## Description of the task
The pictures stay out; all of the data is to be printed exactly.

## Dataset records
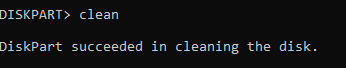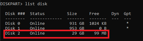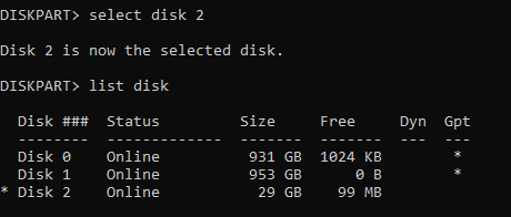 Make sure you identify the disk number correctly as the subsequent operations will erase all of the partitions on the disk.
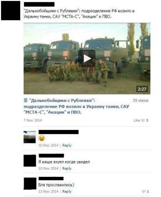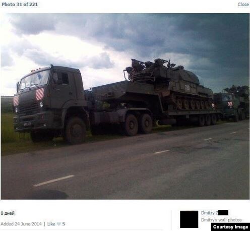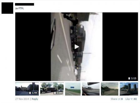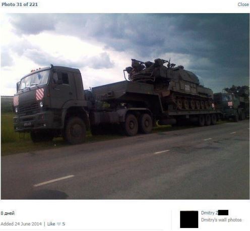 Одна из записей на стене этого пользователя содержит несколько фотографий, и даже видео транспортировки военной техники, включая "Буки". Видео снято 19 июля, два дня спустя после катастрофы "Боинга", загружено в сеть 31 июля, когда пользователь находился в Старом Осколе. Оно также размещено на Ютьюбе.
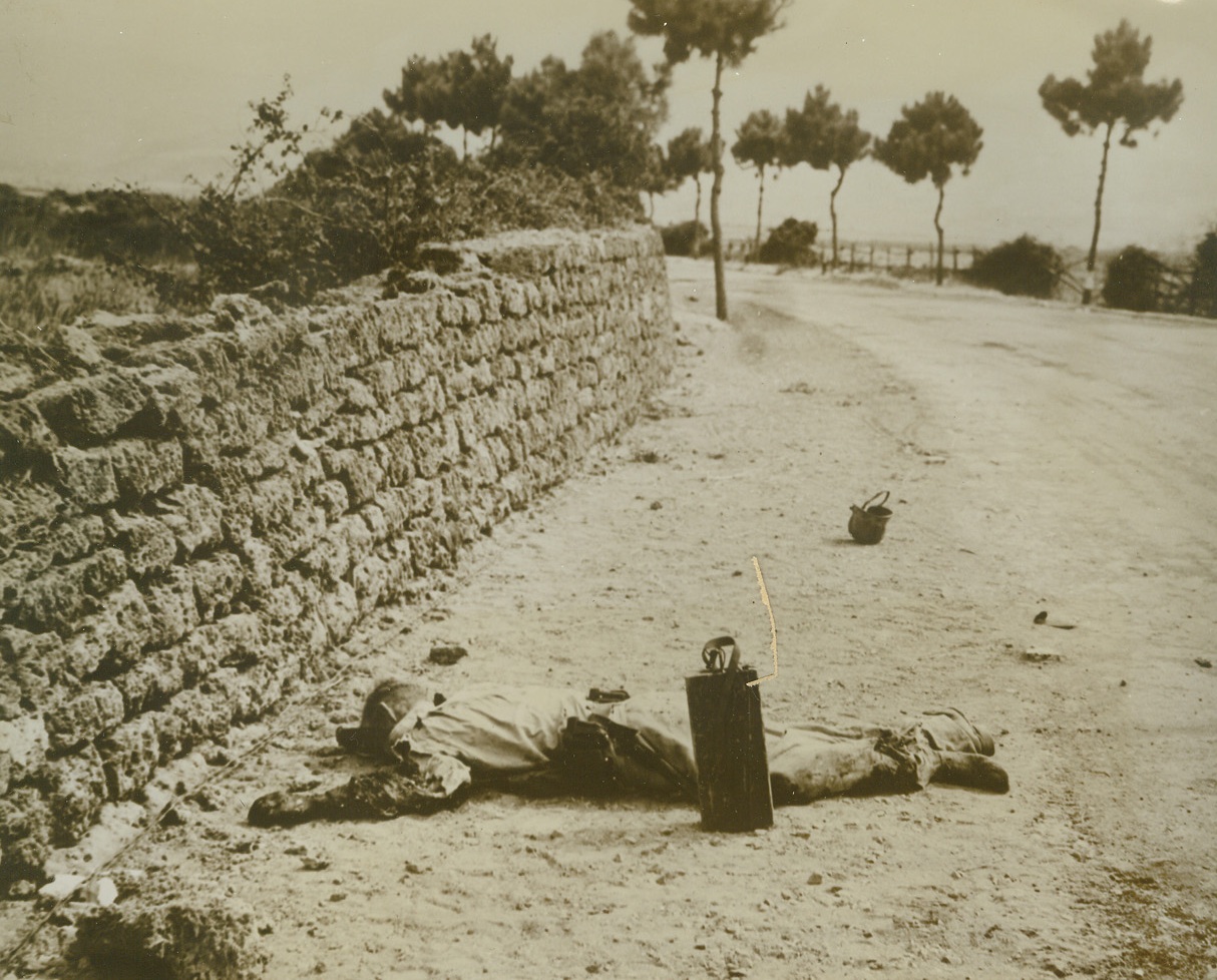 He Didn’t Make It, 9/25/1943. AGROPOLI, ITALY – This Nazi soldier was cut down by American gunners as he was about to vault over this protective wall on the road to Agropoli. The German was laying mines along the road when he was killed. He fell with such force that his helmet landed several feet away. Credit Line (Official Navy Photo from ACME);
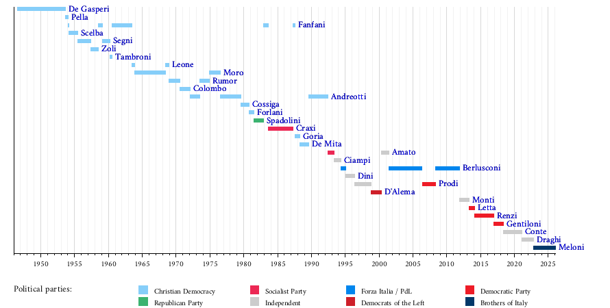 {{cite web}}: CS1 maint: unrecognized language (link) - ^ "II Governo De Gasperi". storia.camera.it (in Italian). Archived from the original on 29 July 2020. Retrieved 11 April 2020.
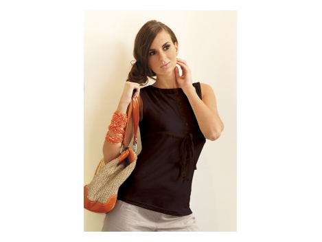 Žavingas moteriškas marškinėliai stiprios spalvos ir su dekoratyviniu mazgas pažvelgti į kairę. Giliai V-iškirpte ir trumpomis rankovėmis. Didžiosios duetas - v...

## Exercise output
 Make sure you identify the disk number correctly as the subsequent operations will erase all of the partitions on the disk.
 Одна из записей на стене этого пользователя содержит несколько фотографий, и даже видео транспортировки военной техники, включая "Буки". Видео снято 19 июля, два дня спустя после катастрофы "Боинга", загружено в сеть 31 июля, когда пользователь находился в Старом Осколе. Оно также размещено на Ютьюбе.
 He Didn’t Make It, 9/25/1943. AGROPOLI, ITALY – This Nazi soldier was cut down by American gunners as he was about to vault over this protective wall on the road to Agropoli. The German was laying mines along the road when he was killed. He fell with such force that his helmet landed several feet away. Credit Line (Official Navy Photo from ACME);
 {{cite web}}: CS1 maint: unrecognized language (link) - ^ "II Governo De Gasperi". storia.camera.it (in Italian). Archived from the original on 29 July 2020. Retrieved 11 April 2020.
 Žavingas moteriškas marškinėliai stiprios spalvos ir su dekoratyviniu mazgas pažvelgti į kairę. Giliai V-iškirpte ir trumpomis rankovėmis. Didžiosios duetas - v...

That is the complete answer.